Get all the perspectives represented in your organization into the debate, and let them be fairly heard.
Be clear on the difference between genuine education and propagandizing and/or lobbying.
Don’t, in other words, start with passing-resolutions-on-Central-America-and-South-Africa.
But if, eventually, an organization does want to get into the resolutions business, Pickus had further suggestions, applicable far beyond the boundaries of NAFSA:
“1. Define clearly the routes for determining whether the organization will take a stand on this issue. These routes should be well understood by the membership. Constraints on the board or committees issuing statements in the organization’s name should also be defined.

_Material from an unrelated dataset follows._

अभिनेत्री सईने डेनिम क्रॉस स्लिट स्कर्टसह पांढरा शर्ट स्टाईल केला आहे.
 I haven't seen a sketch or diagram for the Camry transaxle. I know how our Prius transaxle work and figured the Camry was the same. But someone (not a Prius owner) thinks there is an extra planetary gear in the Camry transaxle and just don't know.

“2. Require that responsible information-gathering precede action on a resolution and that the results are available to those asked to make a decision.
“3. Address your own membership first. Only address the wider community after assessing the levels of agreement and the points of disagreement within your own membership.

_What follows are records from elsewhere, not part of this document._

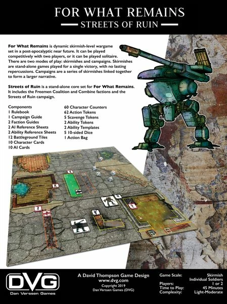 For What Remains is a skirmish-level series of three wargames set in a post-apocalyptic near future: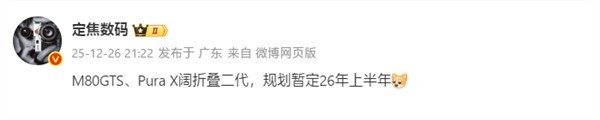 博主“定焦数码”发文表示,华为Mate 80 GTS和Pura X阔折叠屏手机,规划暂定于2026年上半年登场。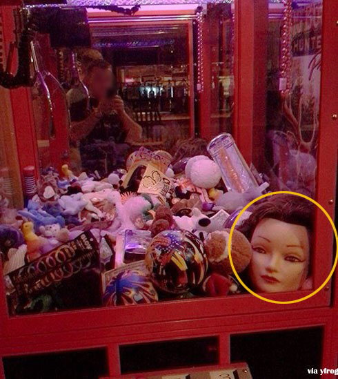 그런데 수 많은 상품들 중 마치 마네킹의 머리만 떼어놓은 듯한 ‘큰 머리 인형’이 놓여 있어 섬뜩함을 자아냈다.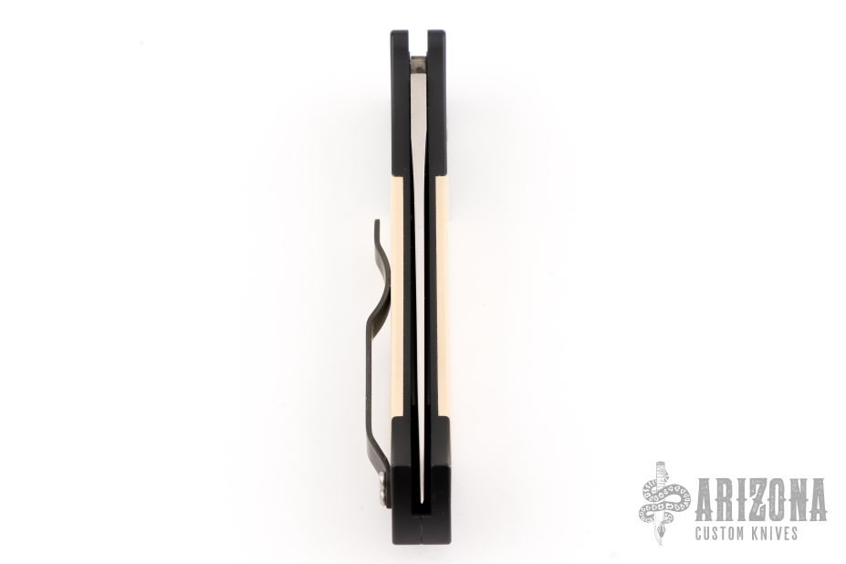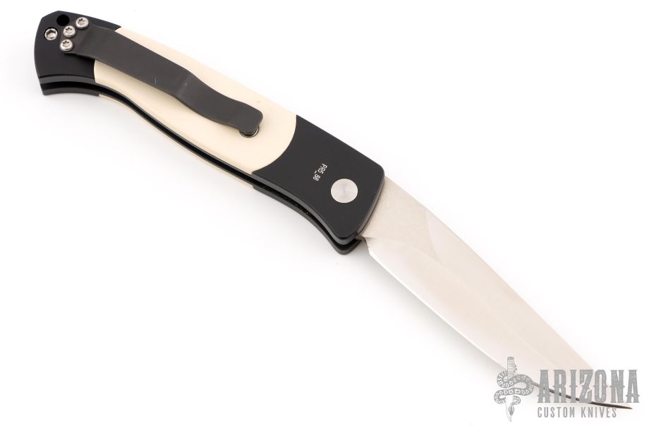 The Brend Auto by Pro-Tech Knives features Walter Brend's famous "Model 1" blade shape in a small package. Coil spring side-opening automatic. It has a satin finished blade and black aluminum handle with ivory micarta inlays, tip up black stainless steel clip. PR5 #88. Has some scuffs and scratches, excellent condition otherwise.

“4. Treat data in your statements responsibly, so as to preserve confidence in the reliability and credibility of your organization’s contributions to public issues.

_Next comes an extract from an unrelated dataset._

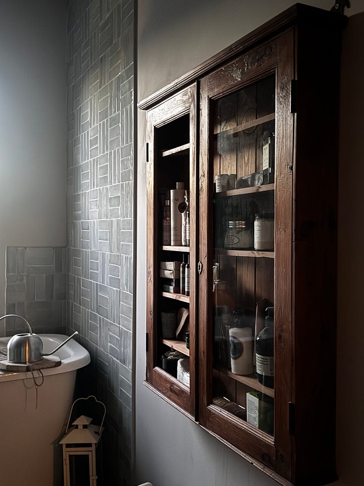 These cabinets, both new into the house this month, came by way of witching hour scrolling, putting some miles on my trusty Mini that’s larger than it’s name suggests to ferry them home, and following up their arrivals with elbow grease, varying grades of sandpaper and knowing where to source replacement glass. Bargains in their own right nonetheless and playing into my fondness for blending old with new.

“5. Provide opportunities for a well-conceived educational program. . . . We have almost forgotten what it is like to hear different perspectives on an issue and to probe them for their differing assessments of the facts, their expectations with regard to the results of policy choices, and their fundamental purposes and values. . . . Don’t underestimate the difficulty in setting up such a program but do help change a very bad situation by making the effort.
“6. Accurately report who supported the resolution and with what authority. Also report how many didn’t. Distinguish between the sense of a particular meeting and the formal policy position of the organization.
“7. Provide for minority reports and see that they are also publicized.
“8. Give priority to areas in which your special knowledge and experience applies. . . .
“9. Think through the conditions which should determine to whom you address your resolution.”
Foreign policy professionals, and the realist school in particular, often wish that the great unwashed would keep clear of the war/peace debate. The experience of the past generation suggests that there is wisdom in the professionals’ cautions. But cautions are one thing and political celibacy another. Organizations of doctors, educators, architects, clergy, and everyone else “for social responsibility” are going to be at least a semi-permanent feature on the American landscape. If, with appropriate adjustments for particular situations, those wishing to get into the passing-resolutions-on-Central-
America-and-South-Africa business would take Robert Pickus’s suggestions to heart, their efforts might make agreement on this country’s right role in world affairs more, rather than less, likely.
George Weigel is Distinguished Senior Fellow of the Ethics and Public Policy Center in Washington, D.C. and holds EPPC’s William E. Simon Chair in Catholic Studies.